# Resource Pools

{% hint style="info" %}
Resource pools are part of ZenML's paid features. For availability and plans, see the [pricing page](https://www.zenml.io/pricing).
{% endhint %}

{% hint style="info" %}
Resource pools are only available for [dynamic pipelines](https://docs.zenml.io/how-to/steps-pipelines/dynamic_pipelines).
{% endhint %}

If you run AI or ML work in a shared environment, you have probably seen the same problems: jobs fighting over GPUs, surprise slowdowns when another team launches a big run, or expensive hardware sitting idle while someone waits in a queue. Resource pools are ZenML Pro’s answer. They are aimed at *platform and team leaders* who need clear rules, and at *practitioners* who just want their steps to get the right compute without babysitting the cluster.

Here are typical situations this feature is built for:

**“Our production jobs must finish—no surprises.”**\
You have training, fine-tuning, or inference that cannot vanish because someone else submitted a heavier workload. You want a clear agreement: this stack or this team gets a dependable slice of capacity, and critical steps are not stopped to make room for ad hoc work.

**“We share one pool of GPUs across many teams.”**\
You need one place that describes how much capacity exists, who may use it, and what happens when everyone wants it at once—without maintaining a separate spreadsheet or manual booking process for every pipeline.

**“We paid for the hardware—we should use it when it’s free.”**\
When one group is quiet, you want other teams to use spare capacity so machines do not sit empty. You also want the original team to get their capacity back when they return, without a long negotiation or a cluster reconfiguration every time.

**“Engineers describe needs; ops maps them to reality.”**\
Pipeline authors say what each step requires (GPUs, memory, and so on). Platform or DevOps ties those stacks to the right shared capacity. The same pipeline code can run in different environment or stages without hard-coding cluster details.

**“We need to ration more than just GPUs.”**\
Alongside standard compute, you may need to track things like licenses, special hardware, or how many pipeline steps may run at once. Pools let you treat those as countable resources under the same workspace-level model, as long as your organization agrees on names and units.

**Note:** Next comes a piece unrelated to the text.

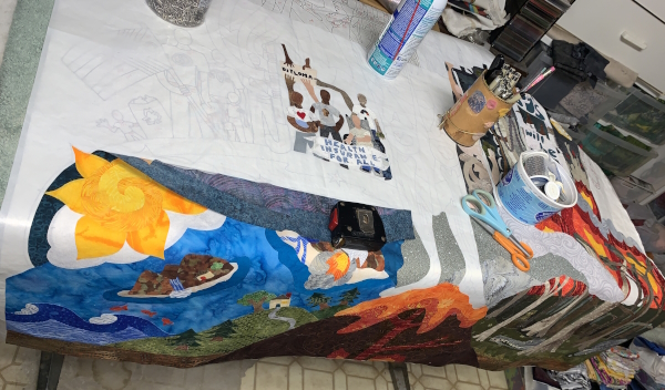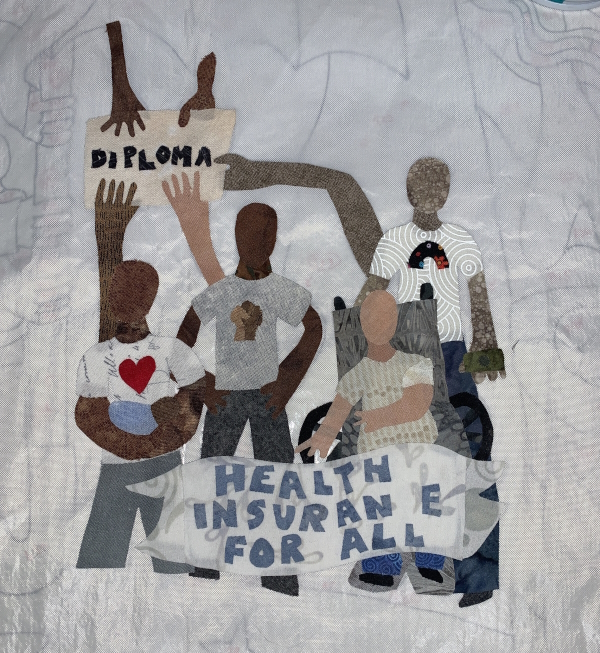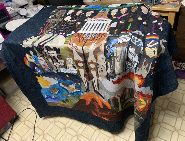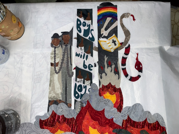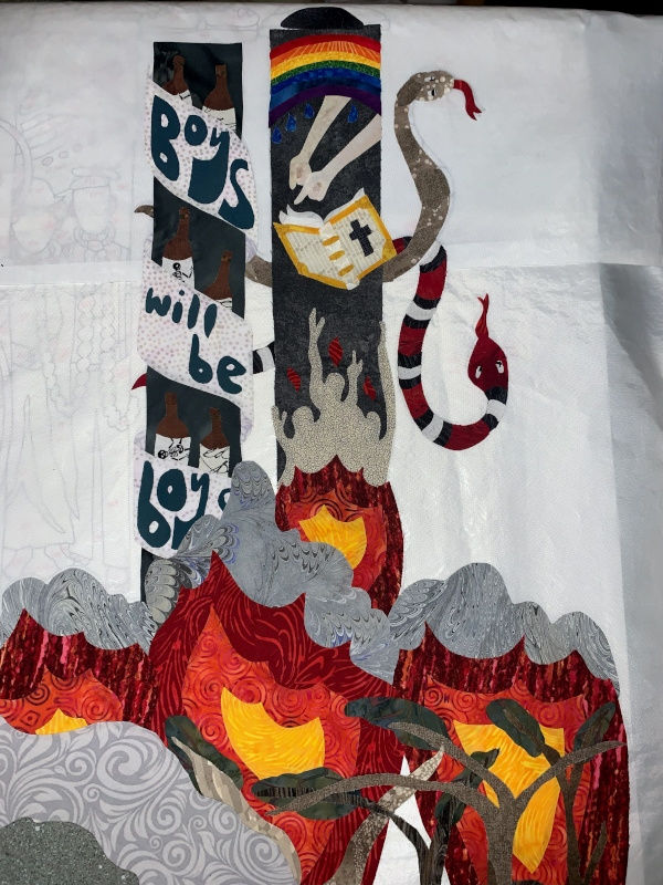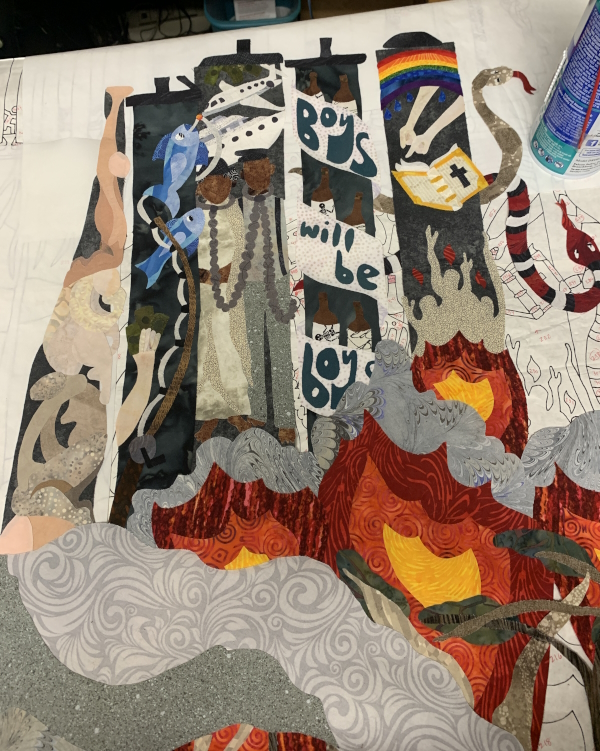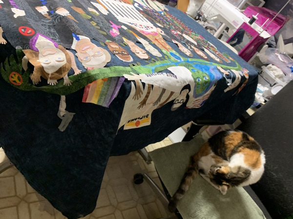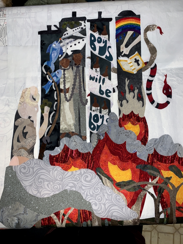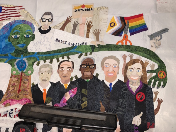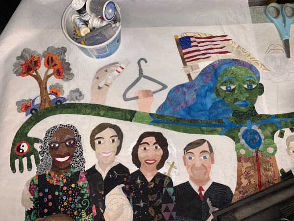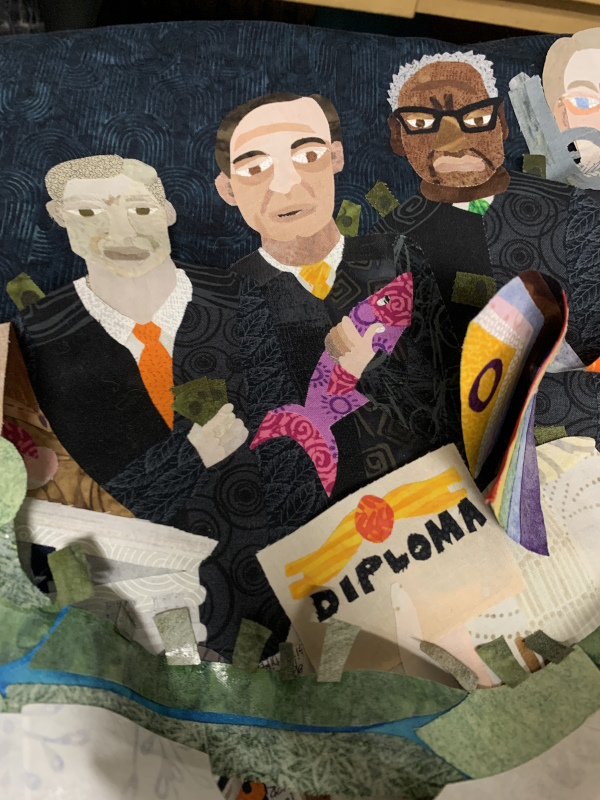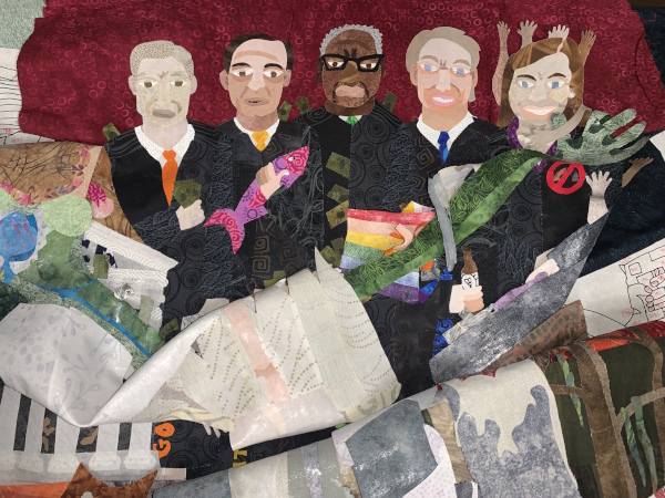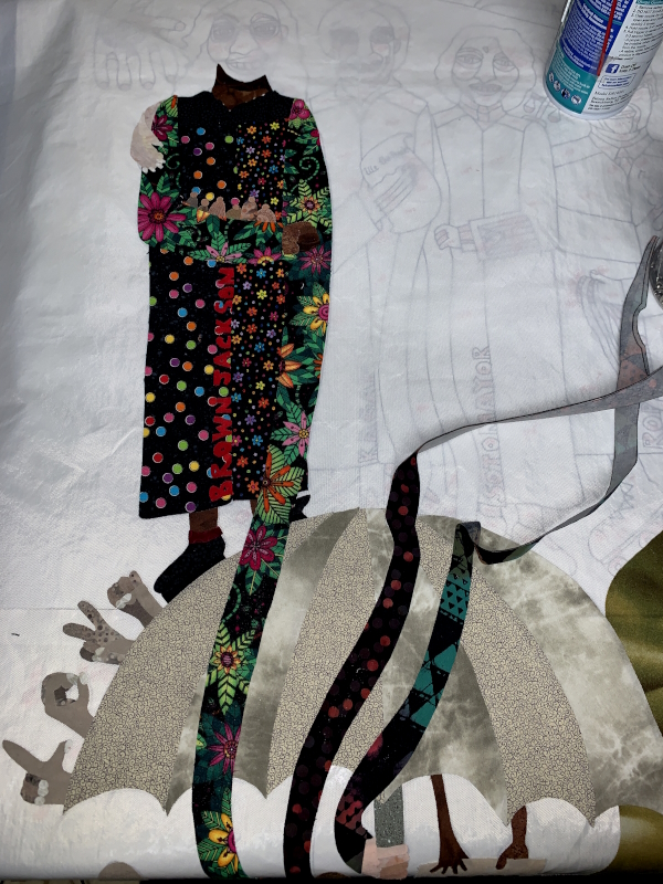 I have changed the background fabric on other quilts, but not often. The difficulty here is if I go lighter for all of it, there are issues with other parts of the quilt. But that blue is too close to the justice’s robes.

None of this replaces your orchestrator or cloud provider—it coordinates demand so teams see fair queuing, optional sharing of idle capacity, and explicit rules for critical versus best-effort work. When you are ready for how ZenML models that behavior, continue with [Introduction to capacity management](#introduction-to-capacity-management) and [Core concepts](#core-concepts).

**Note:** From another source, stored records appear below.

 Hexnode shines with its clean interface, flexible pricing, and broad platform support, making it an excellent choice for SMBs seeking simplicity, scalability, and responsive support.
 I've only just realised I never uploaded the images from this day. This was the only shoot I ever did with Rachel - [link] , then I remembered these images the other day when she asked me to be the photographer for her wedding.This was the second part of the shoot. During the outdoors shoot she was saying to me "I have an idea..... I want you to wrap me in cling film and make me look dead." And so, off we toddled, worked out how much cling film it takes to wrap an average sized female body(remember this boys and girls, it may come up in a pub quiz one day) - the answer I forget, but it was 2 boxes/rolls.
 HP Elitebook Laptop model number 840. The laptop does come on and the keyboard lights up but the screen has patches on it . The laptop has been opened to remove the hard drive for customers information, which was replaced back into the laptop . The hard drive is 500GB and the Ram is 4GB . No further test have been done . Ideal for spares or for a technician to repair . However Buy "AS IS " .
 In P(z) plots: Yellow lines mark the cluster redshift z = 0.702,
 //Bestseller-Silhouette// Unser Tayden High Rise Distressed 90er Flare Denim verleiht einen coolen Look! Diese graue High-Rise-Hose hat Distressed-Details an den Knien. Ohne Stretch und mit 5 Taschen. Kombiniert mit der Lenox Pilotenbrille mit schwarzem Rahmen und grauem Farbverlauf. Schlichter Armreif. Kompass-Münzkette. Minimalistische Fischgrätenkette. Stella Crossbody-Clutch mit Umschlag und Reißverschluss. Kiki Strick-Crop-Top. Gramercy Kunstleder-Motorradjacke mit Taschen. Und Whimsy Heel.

## Introduction to capacity management

ZenML Pro resource pooling separates three concerns: what capacity exists, what each pipeline step asks for, and which stack components may draw from which pools under which rules. The subsections below describe the strategy; [Core concepts](#core-concepts) then defines terms and mechanics precisely.

### Supply: resource pools

On one side, **resource pools** describe resources that are available and consumable when pipeline steps run. They often include standard compute—GPUs, CPUs, and RAM—that orchestrators understand and that map to real infrastructure, but pools are not limited to that. Teams can define **custom resource keys** as a convention between whoever operates the platform and whoever writes pipelines: capabilities, access to external services or tools, licenses, or any other scarce thing you want to schedule in integer units. The same resource key names must appear in pool capacity and in step requests for the convention to work. This is the contract between the platform and the users.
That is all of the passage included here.